■ Aim of the exercise: Please retype exactly the lines from the one containing "ihres Heiligen dorthin." through the end of the records, leaving out the pictures.

[Source records]
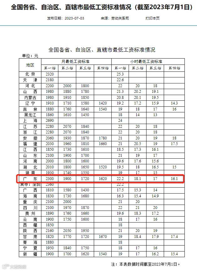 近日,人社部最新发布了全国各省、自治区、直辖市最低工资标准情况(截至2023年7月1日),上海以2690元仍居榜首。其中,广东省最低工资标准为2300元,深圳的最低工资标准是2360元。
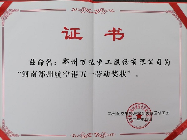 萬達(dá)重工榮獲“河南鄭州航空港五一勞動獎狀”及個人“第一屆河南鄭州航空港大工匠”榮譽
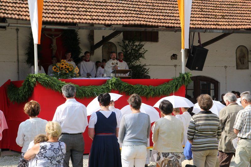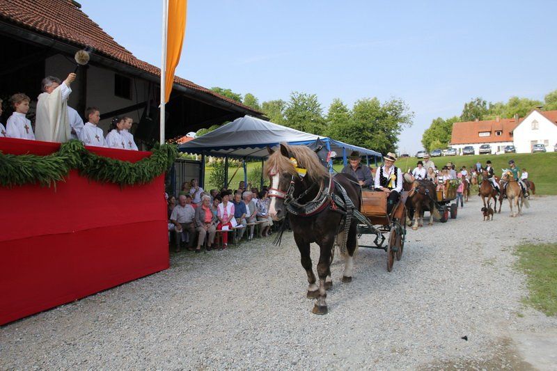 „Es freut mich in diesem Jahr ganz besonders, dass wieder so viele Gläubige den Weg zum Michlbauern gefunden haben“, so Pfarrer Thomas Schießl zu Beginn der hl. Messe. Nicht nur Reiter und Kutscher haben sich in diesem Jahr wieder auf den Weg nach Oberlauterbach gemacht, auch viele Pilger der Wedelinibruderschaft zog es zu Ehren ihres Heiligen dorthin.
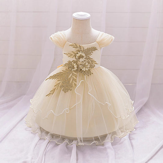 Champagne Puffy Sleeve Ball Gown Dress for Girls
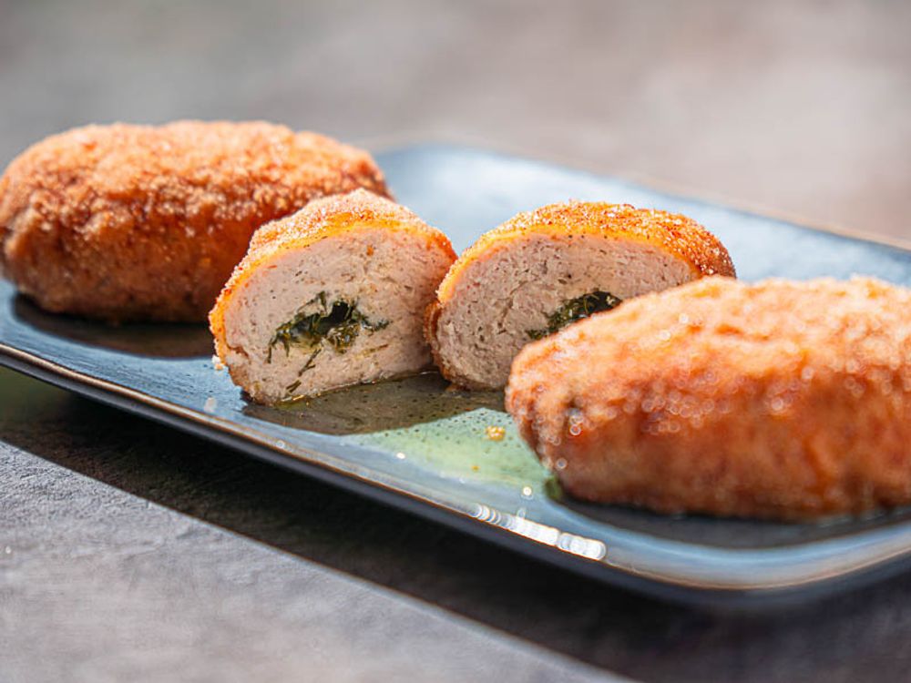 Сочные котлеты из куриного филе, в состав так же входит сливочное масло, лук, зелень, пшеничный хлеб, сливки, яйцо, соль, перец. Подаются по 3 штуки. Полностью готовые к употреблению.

■ Output for this exercise:
 „Es freut mich in diesem Jahr ganz besonders, dass wieder so viele Gläubige den Weg zum Michlbauern gefunden haben“, so Pfarrer Thomas Schießl zu Beginn der hl. Messe. Nicht nur Reiter und Kutscher haben sich in diesem Jahr wieder auf den Weg nach Oberlauterbach gemacht, auch viele Pilger der Wedelinibruderschaft zog es zu Ehren ihres Heiligen dorthin.
 Champagne Puffy Sleeve Ball Gown Dress for Girls
 Сочные котлеты из куриного филе, в состав так же входит сливочное масло, лук, зелень, пшеничный хлеб, сливки, яйцо, соль, перец. Подаются по 3 штуки. Полностью готовые к употреблению.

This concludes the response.